食のエッセイ

インドの中のフランスに

ポンディシェリー、アリカメドゥ訪問

一週間ほどの予定で、インドのポンディシェリーとアリカメドゥを訪ねた。とは言え、日本人でその地名を知っている者はほとんどいないに違いない。

そこは、広大なインドの南東部一帯を占めるコロマンデル沿岸部、ベンガル湾に面している小さな土地である。そう聞いてもインドという所でのことだ。町の住民の数は少ないとは言えないはずだと推測する。そんな事が気になって人口を調べてみると、ポンディシェリーだけでも人口は98万人ほどのようだ。やはり町の中は人、人、人、そして車、車で混み合っているインドなのだと再確認ができて、なぜだか気が済んだかのような気分になる。

広大なインドも世界を前提にして見れば、一部地域となる。国際関係という観点から見れば、過去も現在も、非常に複雑な背景を持っている。たとえば、今回わたしが訪問を目的としているコロマンデル沿岸部だけにかぎっても、この500年の歴史を見れば、まず、ポルトガル、次にオランダ、それからイギリス、地域によってはフランスの支配を受けてきた。
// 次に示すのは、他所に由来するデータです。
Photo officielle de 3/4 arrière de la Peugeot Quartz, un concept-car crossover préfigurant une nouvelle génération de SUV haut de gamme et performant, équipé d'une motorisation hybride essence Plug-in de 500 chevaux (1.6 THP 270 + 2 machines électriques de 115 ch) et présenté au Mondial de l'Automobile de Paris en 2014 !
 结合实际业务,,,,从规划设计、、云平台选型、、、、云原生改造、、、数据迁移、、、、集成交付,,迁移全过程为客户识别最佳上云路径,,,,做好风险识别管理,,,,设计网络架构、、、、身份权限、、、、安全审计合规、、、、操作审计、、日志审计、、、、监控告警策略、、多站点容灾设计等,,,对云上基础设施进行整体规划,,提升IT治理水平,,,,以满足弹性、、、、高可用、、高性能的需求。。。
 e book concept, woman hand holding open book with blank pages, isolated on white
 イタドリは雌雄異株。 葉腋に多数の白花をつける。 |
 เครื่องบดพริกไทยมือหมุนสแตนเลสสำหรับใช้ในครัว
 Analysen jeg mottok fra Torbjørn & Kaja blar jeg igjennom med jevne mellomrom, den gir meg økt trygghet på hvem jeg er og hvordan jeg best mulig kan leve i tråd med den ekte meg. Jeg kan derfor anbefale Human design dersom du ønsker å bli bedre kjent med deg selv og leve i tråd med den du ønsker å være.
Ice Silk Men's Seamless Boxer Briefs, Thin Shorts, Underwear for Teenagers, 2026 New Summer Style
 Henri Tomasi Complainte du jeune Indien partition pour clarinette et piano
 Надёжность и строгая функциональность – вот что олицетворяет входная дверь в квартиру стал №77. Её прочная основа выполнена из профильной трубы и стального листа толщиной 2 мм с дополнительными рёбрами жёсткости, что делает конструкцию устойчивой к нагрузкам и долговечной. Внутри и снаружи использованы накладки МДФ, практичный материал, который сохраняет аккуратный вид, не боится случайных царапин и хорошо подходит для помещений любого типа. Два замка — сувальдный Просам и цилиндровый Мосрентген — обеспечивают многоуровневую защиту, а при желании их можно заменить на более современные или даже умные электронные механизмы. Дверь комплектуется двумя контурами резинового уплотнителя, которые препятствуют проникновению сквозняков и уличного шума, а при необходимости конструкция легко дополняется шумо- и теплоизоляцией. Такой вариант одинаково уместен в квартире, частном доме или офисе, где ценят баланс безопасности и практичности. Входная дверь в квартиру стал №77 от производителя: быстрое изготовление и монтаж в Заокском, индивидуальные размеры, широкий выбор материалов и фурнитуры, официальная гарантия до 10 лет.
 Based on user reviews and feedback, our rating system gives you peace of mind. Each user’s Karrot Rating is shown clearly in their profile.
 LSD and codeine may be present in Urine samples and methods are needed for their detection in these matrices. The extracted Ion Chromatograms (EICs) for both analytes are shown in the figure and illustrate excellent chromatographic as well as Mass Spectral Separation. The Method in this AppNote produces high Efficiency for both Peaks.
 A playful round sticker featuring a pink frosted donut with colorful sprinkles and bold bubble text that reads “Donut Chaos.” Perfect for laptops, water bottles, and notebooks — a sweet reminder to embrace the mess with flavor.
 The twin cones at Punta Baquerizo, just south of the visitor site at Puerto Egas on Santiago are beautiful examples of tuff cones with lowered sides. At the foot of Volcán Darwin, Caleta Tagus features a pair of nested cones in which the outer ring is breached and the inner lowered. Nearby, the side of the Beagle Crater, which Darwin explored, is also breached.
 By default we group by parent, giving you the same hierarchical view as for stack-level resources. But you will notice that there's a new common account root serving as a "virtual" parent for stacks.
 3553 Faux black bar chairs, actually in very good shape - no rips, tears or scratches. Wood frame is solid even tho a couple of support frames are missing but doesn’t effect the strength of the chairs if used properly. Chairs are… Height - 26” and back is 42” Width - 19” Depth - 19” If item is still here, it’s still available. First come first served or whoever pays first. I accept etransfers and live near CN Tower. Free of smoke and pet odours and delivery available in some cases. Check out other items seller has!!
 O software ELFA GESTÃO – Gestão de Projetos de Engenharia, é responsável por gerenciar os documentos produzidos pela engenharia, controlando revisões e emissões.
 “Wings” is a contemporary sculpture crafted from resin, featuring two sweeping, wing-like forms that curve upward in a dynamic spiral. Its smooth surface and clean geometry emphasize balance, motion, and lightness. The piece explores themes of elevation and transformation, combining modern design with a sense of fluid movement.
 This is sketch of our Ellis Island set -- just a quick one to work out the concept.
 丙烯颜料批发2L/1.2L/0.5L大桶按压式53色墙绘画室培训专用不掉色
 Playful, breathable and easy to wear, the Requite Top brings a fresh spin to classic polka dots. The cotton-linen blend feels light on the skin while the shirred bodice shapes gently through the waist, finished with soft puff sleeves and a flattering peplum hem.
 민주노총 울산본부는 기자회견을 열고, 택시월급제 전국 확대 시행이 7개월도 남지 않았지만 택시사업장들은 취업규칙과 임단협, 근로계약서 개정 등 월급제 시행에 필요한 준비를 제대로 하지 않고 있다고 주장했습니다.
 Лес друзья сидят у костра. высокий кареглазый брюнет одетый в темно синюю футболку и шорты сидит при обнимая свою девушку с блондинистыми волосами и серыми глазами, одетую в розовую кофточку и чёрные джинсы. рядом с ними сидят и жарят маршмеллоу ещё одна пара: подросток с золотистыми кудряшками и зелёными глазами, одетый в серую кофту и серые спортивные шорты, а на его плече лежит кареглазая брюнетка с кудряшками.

また、インドは多言語国である。大ざっぱに言えば、インドには大きな言語群が二つある。その一つは、インド大陸の北部で人びとの母語として、または国全体で第二言語として広く話されているヒンディー語に代表される諸語で、インド・ヨーロッパ語族に含まれている。もう一つの言語群は、インド大陸の南部で話されているドラヴィダ諸語である。これら二つの言語群の仕組みはまったく異なる。言うならば、日本語と英語の違いのようなものなのだ。もちろん、同じドラヴィダ諸語内にも多くの種類の言語が含まれている。それら同種の中でも、異なった名前で呼ばれている言語を話している人びとが会話をした場合、互いに通じることがない例は多い。それは、同じ系統であるヨーロッパの諸言語の場合でも、名称が異なる言語の話者同士が会話をした場合、互いに理解できない例が多いというのと同じことである。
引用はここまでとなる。